# Gas Bubbler Threaded Connections



## kadriver (Feb 1, 2013)

Hello,

I have a nice big gas bubbler/dryer that I just bought.

It has threaded connections for the inlet and the outlet.

I improvised for a connection by heating a piece of clear plastic tubing to get it pliable, then quickly forcing it over the thread for a gas-tight connection (see photo).

I would like to get the correct threaded fittings for this piece, but I can not seem to find them.

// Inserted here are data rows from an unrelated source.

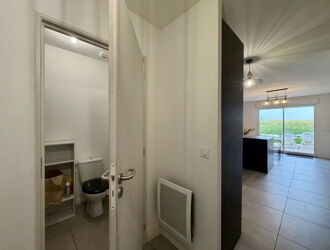 Il est composé d'une entrée, d'un séjour ouvrant sur un balcon de 3,20 m² d'une cuisine aménagée et équipée, d'une chambre et d'une salle d'eau avec WC.
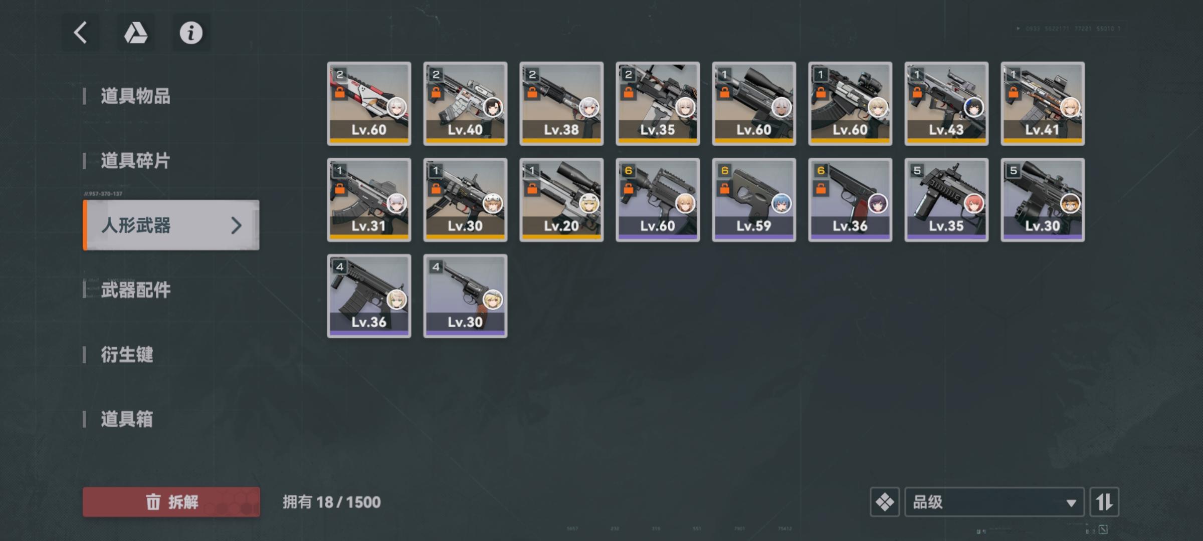 加一下分解配件的筛选,我现在好几百配件,我要分解的时候还得一个一个去找,体验极差
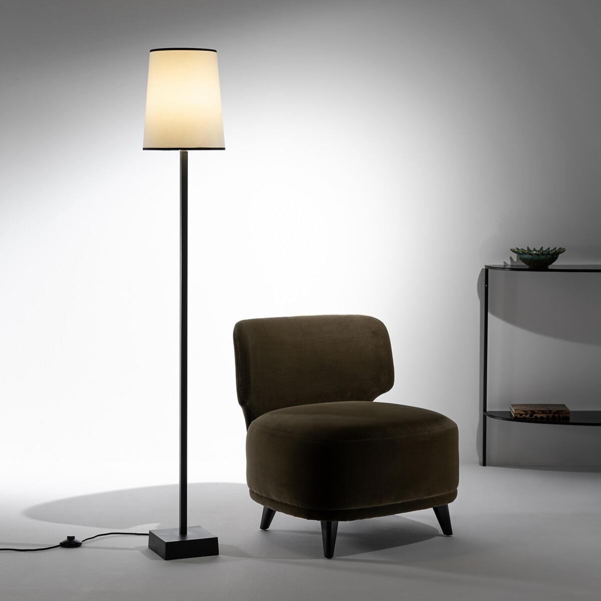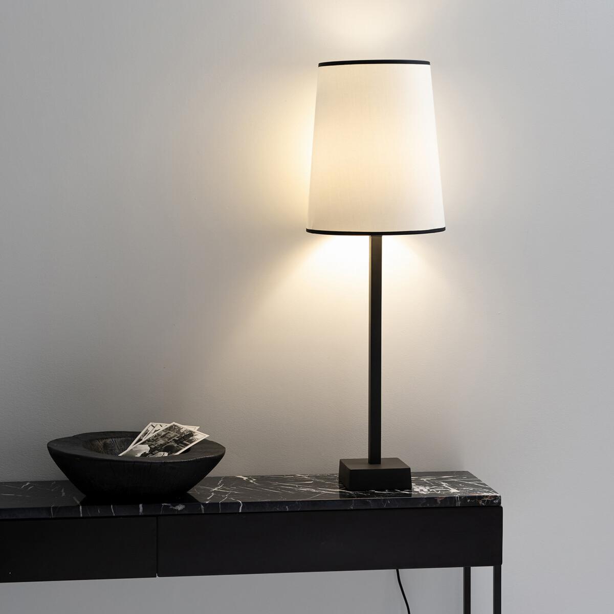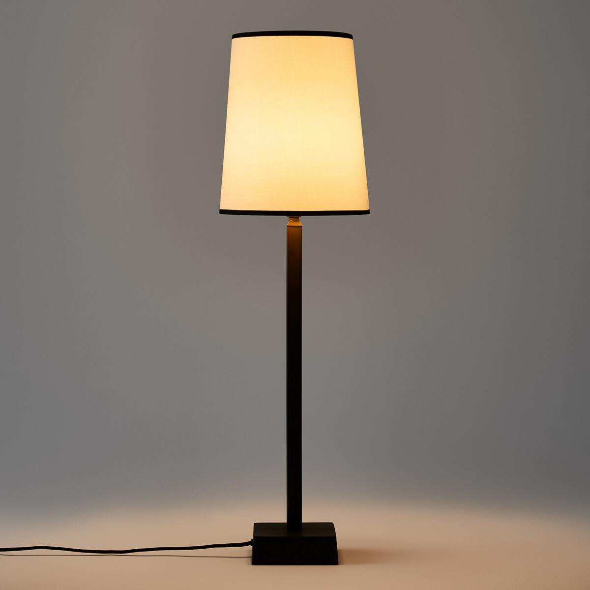 The Fanya 25cm diameter lampshade. This chic lampshade takes up minimal space thanks to its cone shape. Product Details. White epoxy wire structure. Polyproylene plate covered with polycotton. Contrasting cotton braid at the top and bottom of the shade. Supports E27 bulb (not supplied). Non-electrified. Made in France Additional Information. The Fanya lampshade can be used with the Noga floor lamp base, find it through AMPMSize. Diameter at the bottom: 25cm. Diameter at the top : 20cm. Height: 30cm. Dimensions and weight of parcel. L31 x H31 x D22 cm. 0.5 kg.

If anyone could help me identify the proper fittings for this it would be greatly appreciated.

kadriver


----------



## jonn (Feb 2, 2013)

I can help, pm me.


----------



## lazersteve (Feb 4, 2013)

Kevin,

If you strike out with John, let me know.

Steve


----------



## kadriver (Feb 7, 2013)

Thanks Steve, I would like to find a fitting with threads on one end (to fit the glass) and a variable slide-on hose connection on the other side

kadriver (Kevin)


----------



## qst42know (Feb 23, 2013)

I can't be 100% certain but if GL-14 refers to 14mm these fitting may be what you are looking for, if they are standardized. I haven't found dimensioned drawings for diameter or pitch to confirm the fit.

http://www.wilmad-labglass.com/ProductList.aspx?t=576


----------



## kadriver (Feb 24, 2013)

Cool, thank quest.

I made an adapter for the bubbler and works fine for now.

i was just curious why there would be threads - I guess for gas tight fittings.

kadriver


----------



## qst42know (Feb 24, 2013)

I found the drawing for GL fittings I was looking for. It's on this page.

http://www.bola.de/en/technical-information/screw-joints/determination-of-thread-types.html


----------